Extracted records:
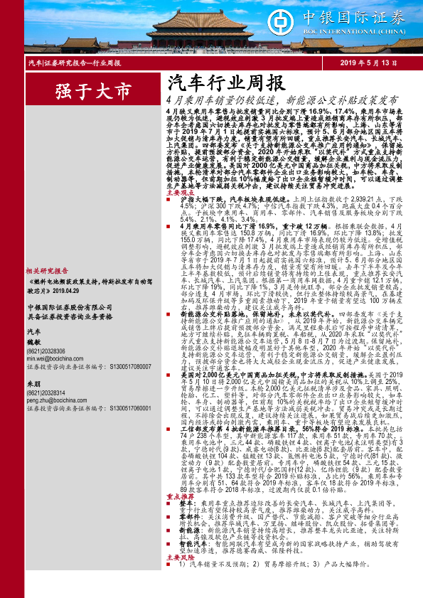 【中银证券】【20190513】20190513-中银证券-汽车行业周报:4月乘用车销量仍较低迷,新能源公交补贴政策发布-18页
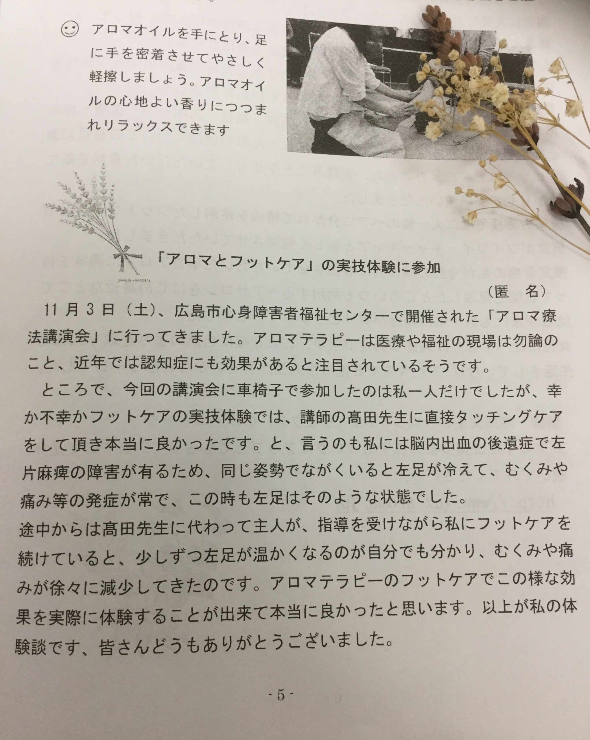 昨年、開催された”ひまわり友の会”主催の「アロマ療法講演会」 会報誌に掲載された感想をご紹介いたします。
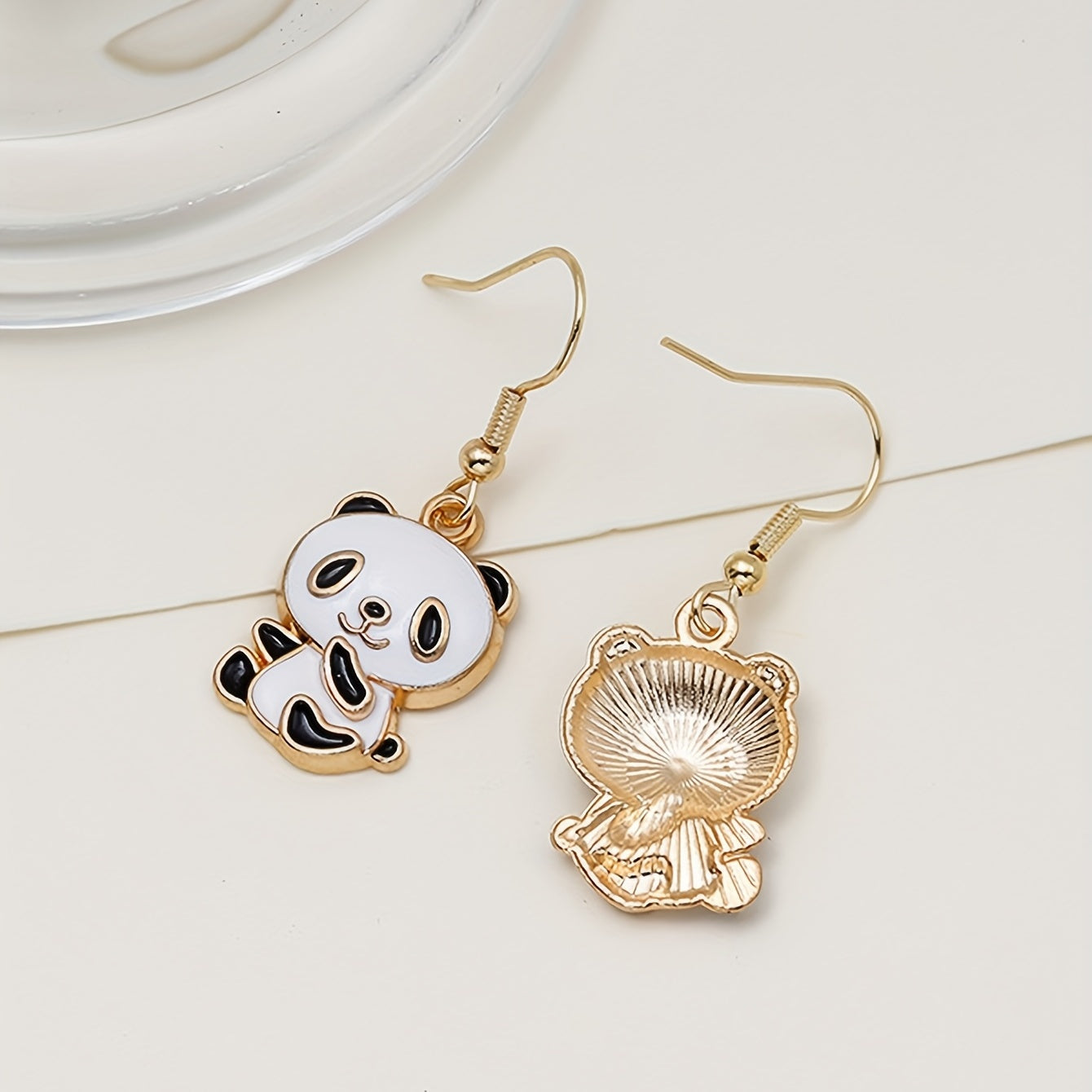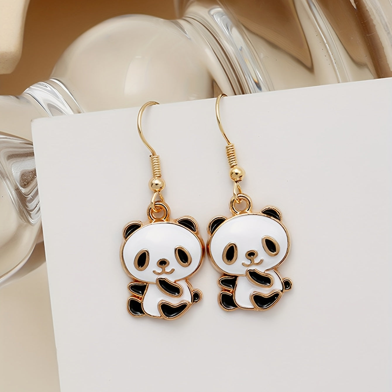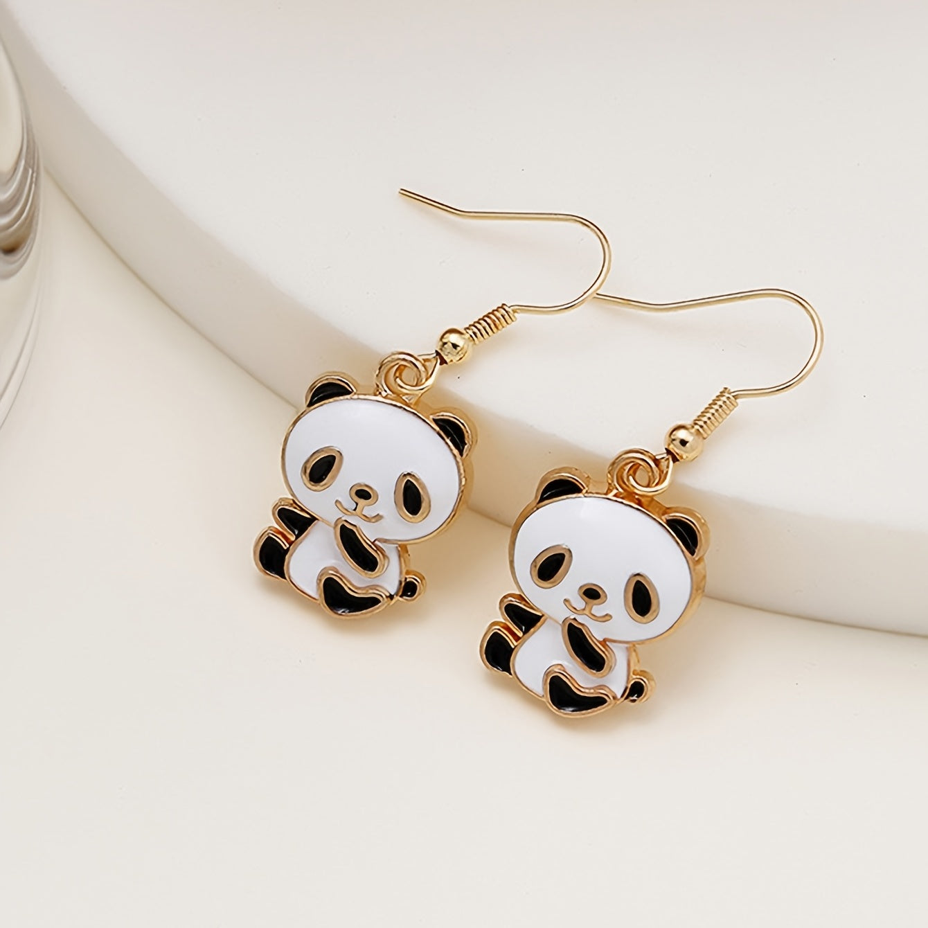 Chinese Panda Pendant Enamel Hook Earrings Silver Plated Jewelry
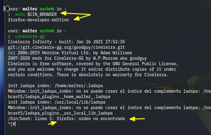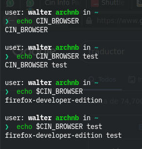 I understand, the $ is to tell the interpreter that it is a variable if it is not going to print the written text literally [1] I noticed that I had a problem in a function in zshenv, which doesn't seem to export well. but it is already corrected. only added to bashrc, zshrc, profile, etc. export CIN_BROWSER=firefox-developer-edition Thanks greetings -- - | Walter Casanova | - - | Gnu / Linux - SysAdmin | - -------- [1] imagen
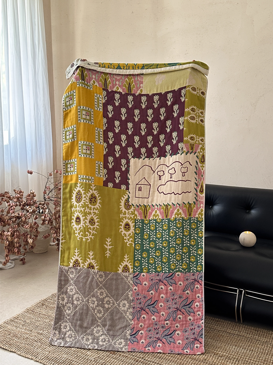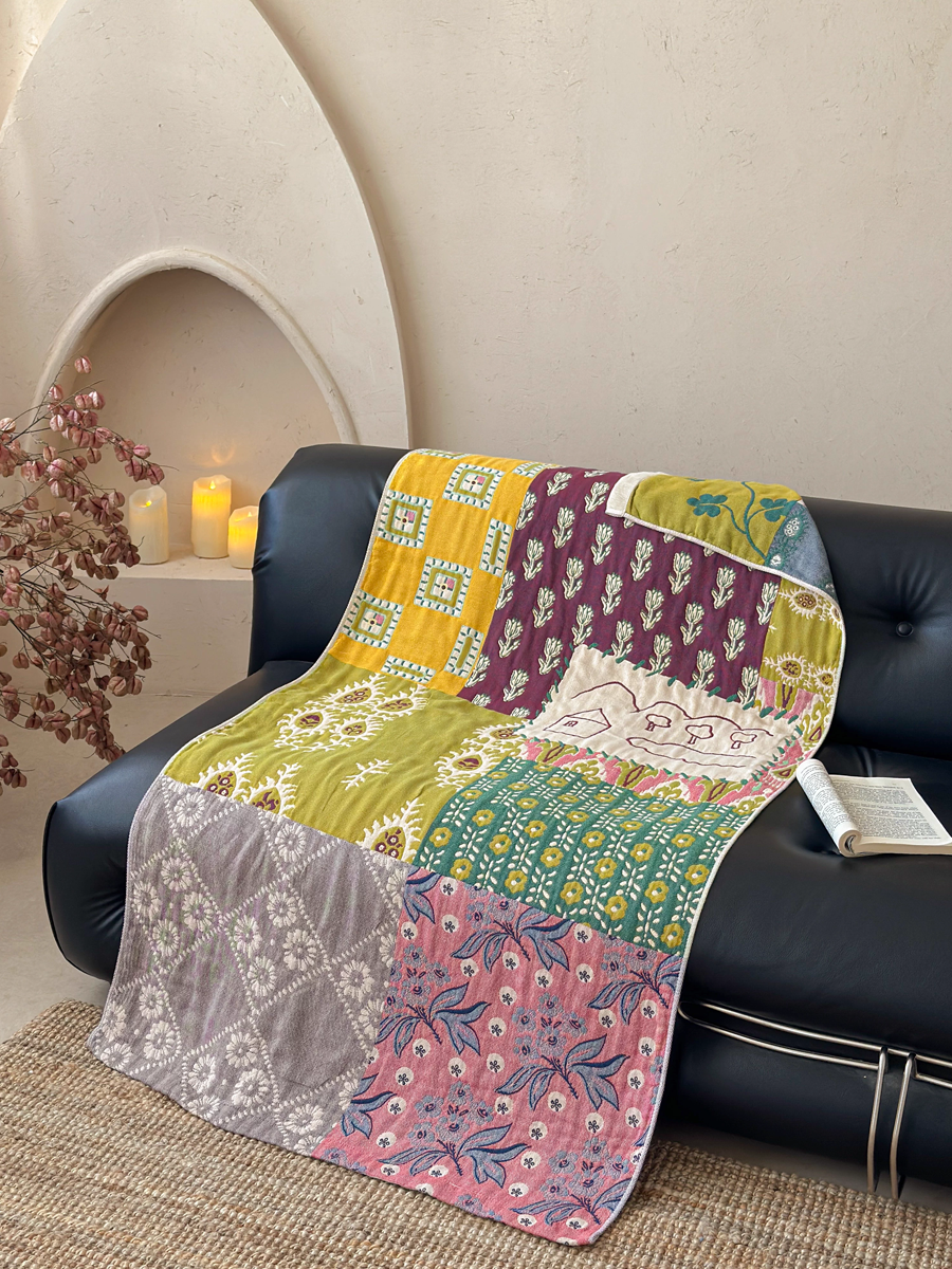 Pastoral Artsy Floral Patchwork Cotton Bath Towel
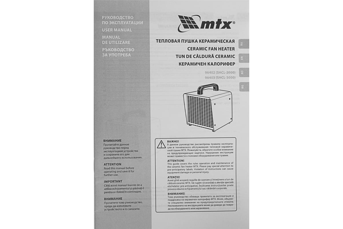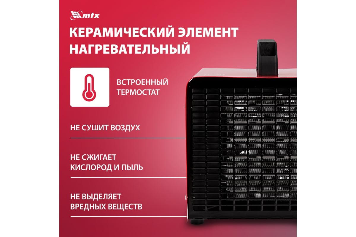 Тепловая пушка MTX SHCL-3000, 230 В, 480 м3, мощность 2 кВт, производительность 480 м3/час, площадь обогрева 40 м2, защита от перегрева, 3 режима работы

**What the exercise asks:** Reproduce every record above exactly, but leave out the pictures.

**Completed exercise:**
 【中银证券】【20190513】20190513-中银证券-汽车行业周报:4月乘用车销量仍较低迷,新能源公交补贴政策发布-18页
 昨年、開催された”ひまわり友の会”主催の「アロマ療法講演会」 会報誌に掲載された感想をご紹介いたします。
 Chinese Panda Pendant Enamel Hook Earrings Silver Plated Jewelry
 I understand, the $ is to tell the interpreter that it is a variable if it is not going to print the written text literally [1] I noticed that I had a problem in a function in zshenv, which doesn't seem to export well. but it is already corrected. only added to bashrc, zshrc, profile, etc. export CIN_BROWSER=firefox-developer-edition Thanks greetings -- - | Walter Casanova | - - | Gnu / Linux - SysAdmin | - -------- [1] imagen
 Pastoral Artsy Floral Patchwork Cotton Bath Towel
 Тепловая пушка MTX SHCL-3000, 230 В, 480 м3, мощность 2 кВт, производительность 480 м3/час, площадь обогрева 40 м2, защита от перегрева, 3 режима работы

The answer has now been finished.